5. It is made up of more than just people.
Twitter is not cleanly defined with one account per person or even just one person behind every account. Some people have multiple accounts and some accounts are inactive. Groups and organizations use Twitter to promote products and inform followers. They can purchase “promoted Tweets” that show up in users’ streams like a commercial. And watch out for robots! Some software applications run automated tasks to query or Retweet content making it extra challenging when trying to interpret the data.
6. There are research applications beyond trying to supplant survey estimates.
Think about the survey lifecycle and where there may be needs for a large, cheap, timely source of data on behaviors and opinions or a standing network of users to provide information. In the design phase of a survey, can we use Twitter to help identify items to include? Can we identify and recruit subjects for a study using Twitter? How about a diary study when we need a more continuous data collection and want to let people work with a system they know instead of trying to train them to do something unfamiliar? Can Twitter be used to disseminate study results? What about network analysis? Is there information that can be gleaned from someone’s network of friends and followers, or the spread of tweets from one (or few) users to many? We often think of public opinion as characterizing sentiment at a specific place and time, but are there insights to be had from Twitter on opinion formation and influence?
7. Twitter is cheap and fast, but making sense of it may not be.
What’s the unit of analysis? Can we apply or adapt the total survey error framework when looking at Twitter? What does it mean when someone tweets as opposed to gives a response in a survey? Beyond demographics, how do Twitter users differ from other populations? How can we account for Twitter’s exponential growth when analyzing the data? The best answer to each right now is “it depends” or “more research is needed.” We need a more solid understanding and some common metrics as we look to use Twitter for research. Work on this front is beginning but has a long way to go.
8. Naïve and general text mining methods for tweets can be severely lacking in quality.
The brevity of tweets, inclusion of misnomers, misspellings, slang, and sarcasm make sentiment analysis a real challenge.
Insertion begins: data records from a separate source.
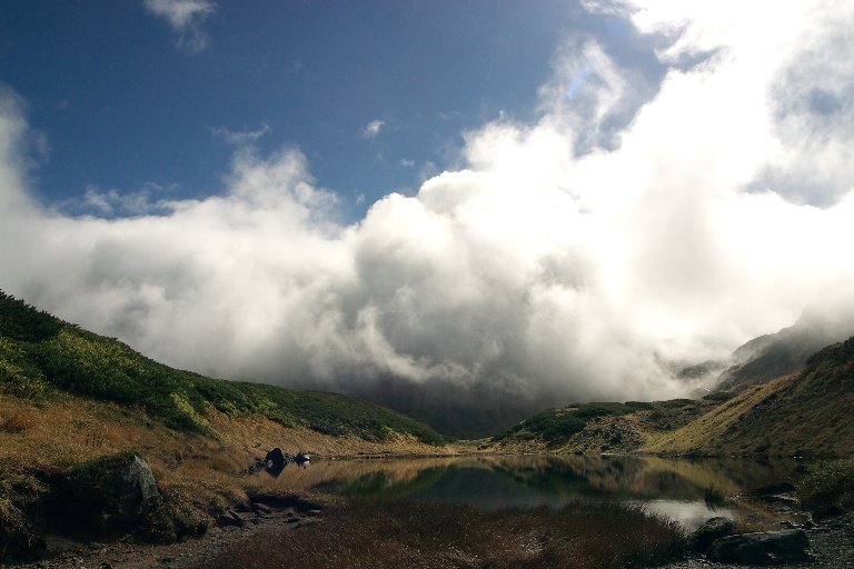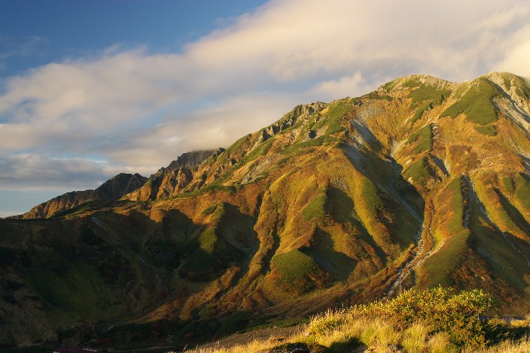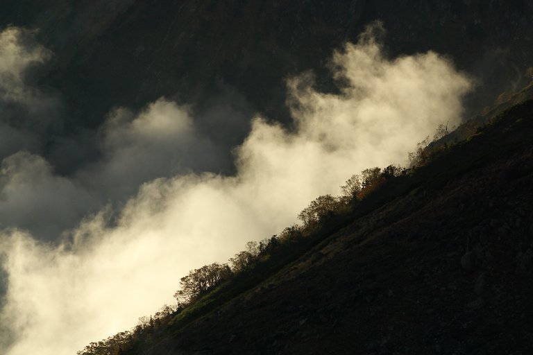 夕方、急に陽が射してきました。谷間の陰影や斜面を伝う雲が美しくて。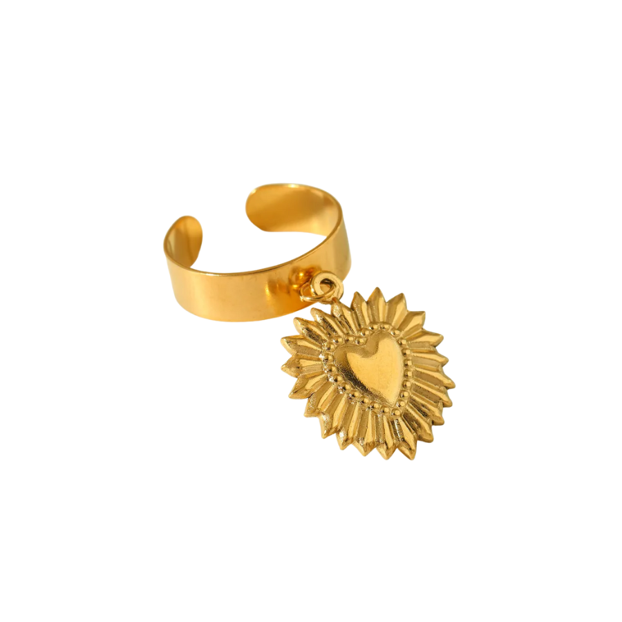 Add a bold touch to your style with this playful gold ring featuring a chunky gothic heart charm. Its unique design blends edgy vibes with a hint of romance, making it the perfect statement piece for any occasion.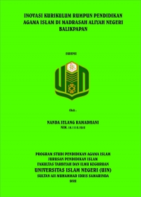 XMLNanda Jelang Ramadhani, 2022 “Inovasi Kurikulum Rumpun Pendidikan Agama Islam di Madrasah Aliyah Negeri Balikpapan”. Skripsi, Program Studi Pendidikan Agama Islam (PAI), Jurusan Pendidikan Islam , Fakultas Tarbiyah dan Ilmu Keguruan, Universitas Islam Negeri (UIN) Sultan Aji Muhammad Idris Samarinda. Penelitian ini dibimbing oleh Bapak Prof. Dr. Muhammad Nasir, M.Ag sebagai pembimbing pertama, dan Ibu Zakiyah Ulfah, M.Pd sebagai pembimbing kedua.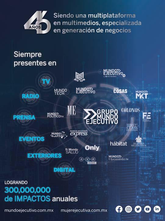 Asistente Editorial: María Eugenia Mata Producción y Control de Calidad: Aarón Rangel Responsable de suscripciones: Irma Ruiz irma.ruiz@mundoejecutivo.com.mx, Martha Santos martha.santos@mundoejecutivo.com..mx Tel. 55 5002 9513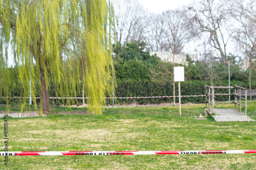 Closed public places during quarantine and pandemic, red and white tape restricts the passage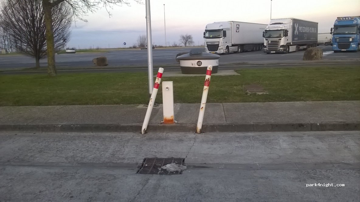 Rustplaats op de snelweg A26, richting Calais. Alleen grijs water legen en schoon water bijvullen door drukknop.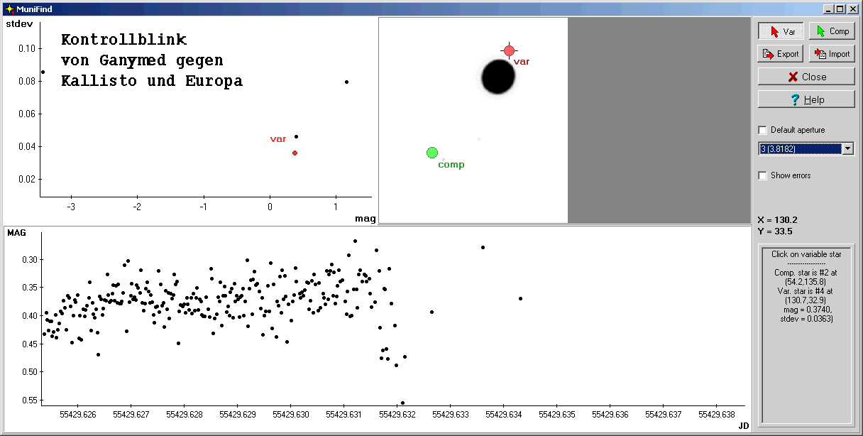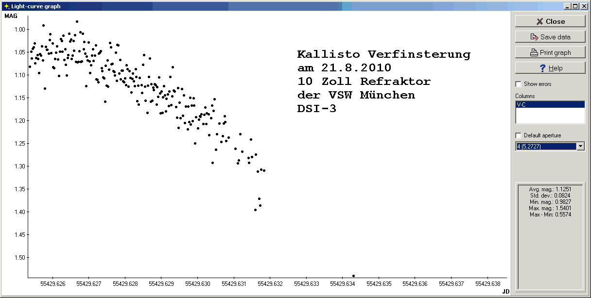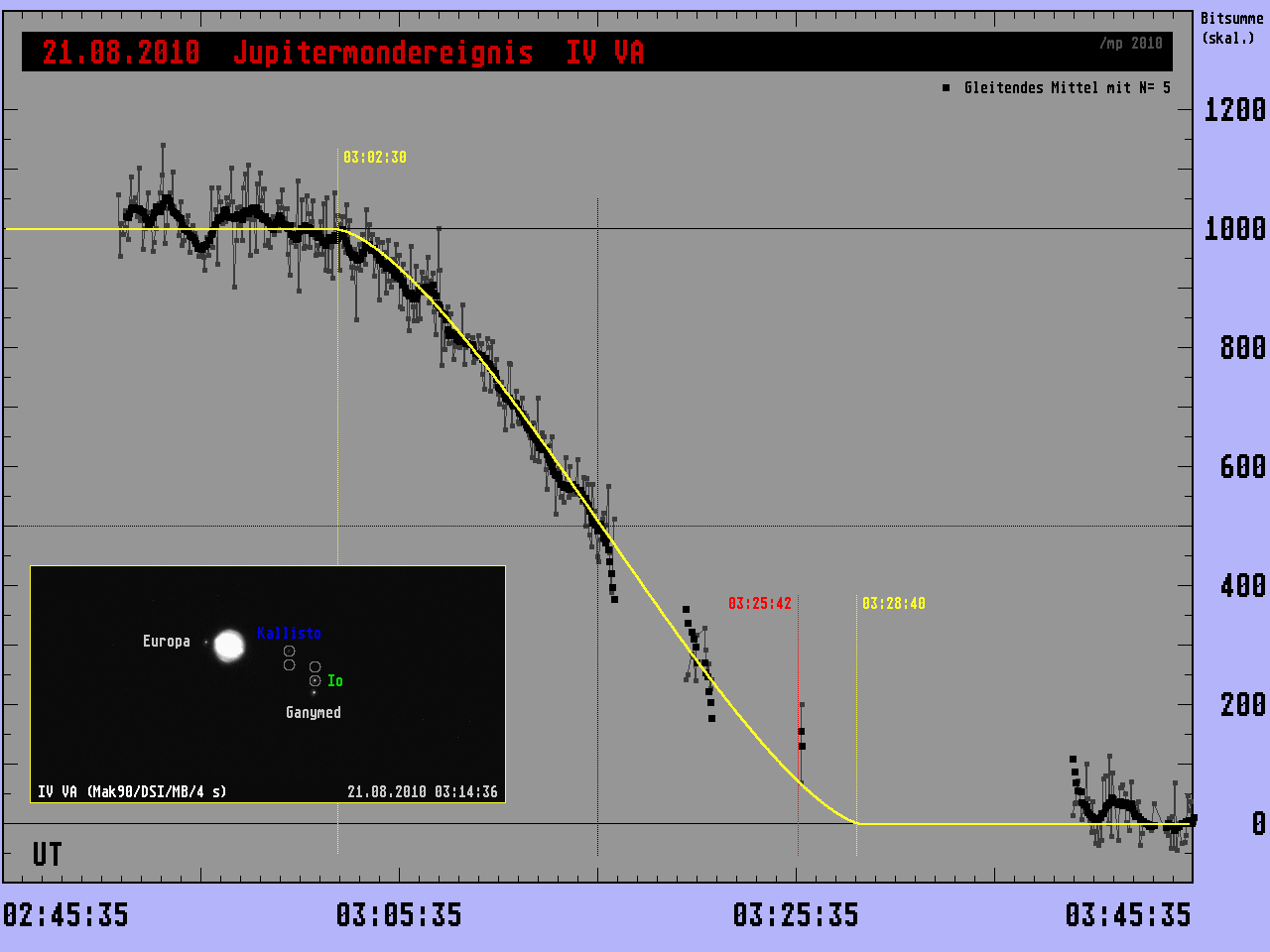 Bemerkenswert ist der Nachweis von Kallisto der am 21.8.2010 zwischen 3:36 und 3:40 gelang.

We’ve found the off-the-shelf systems pretty bad and inconsistent when coding sentiment on tweets. If you’re going to do automated sentiment analysis, be sure to account for nuances of your topic or population as much as possible and have a human coding component for validation. One approach we’ve found to be promising is to use crowdsourcing for human coding of tweet content.
9. Beware of the curse of Big Data and the file cabinet effect.
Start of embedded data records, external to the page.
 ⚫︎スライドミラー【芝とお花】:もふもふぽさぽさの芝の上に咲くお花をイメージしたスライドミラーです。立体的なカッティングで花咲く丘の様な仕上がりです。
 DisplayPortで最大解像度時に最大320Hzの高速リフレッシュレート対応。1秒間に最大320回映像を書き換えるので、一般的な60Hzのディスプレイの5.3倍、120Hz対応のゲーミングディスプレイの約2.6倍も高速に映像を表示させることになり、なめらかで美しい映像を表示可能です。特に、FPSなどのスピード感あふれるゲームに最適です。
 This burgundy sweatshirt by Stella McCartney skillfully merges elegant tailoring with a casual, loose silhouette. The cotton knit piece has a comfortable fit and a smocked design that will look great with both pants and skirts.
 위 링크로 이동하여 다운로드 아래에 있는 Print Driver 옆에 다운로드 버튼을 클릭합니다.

Searching for patterns in trillions of data points, you’re bound to find coincidences with no predictive power or that can’t be replicated. The file cabinet effect is when researchers publish exciting results about Twitter but hide away their null or negative findings.
10. Surveys aren’t perfect either.
Surveys are getting harder to complete with issues like declining response rates and reduced landline coverage. Twitter isn’t a fix-all but it may be able to fill some gaps. It’ll take some focused study and creative thinking to get there.
Joe Murphy is an RTI International survey methodologist investigating the role of new technologies and social media in the collection and analysis of social data. His training as a demographer led him into the world of survey research where he has led projects and published on topics including hospital quality, substance use and mental health, uncounted ballots in the 2000 presidential election, and the effects of exposure to the events of 9/11. He writes frequently for Survey Post.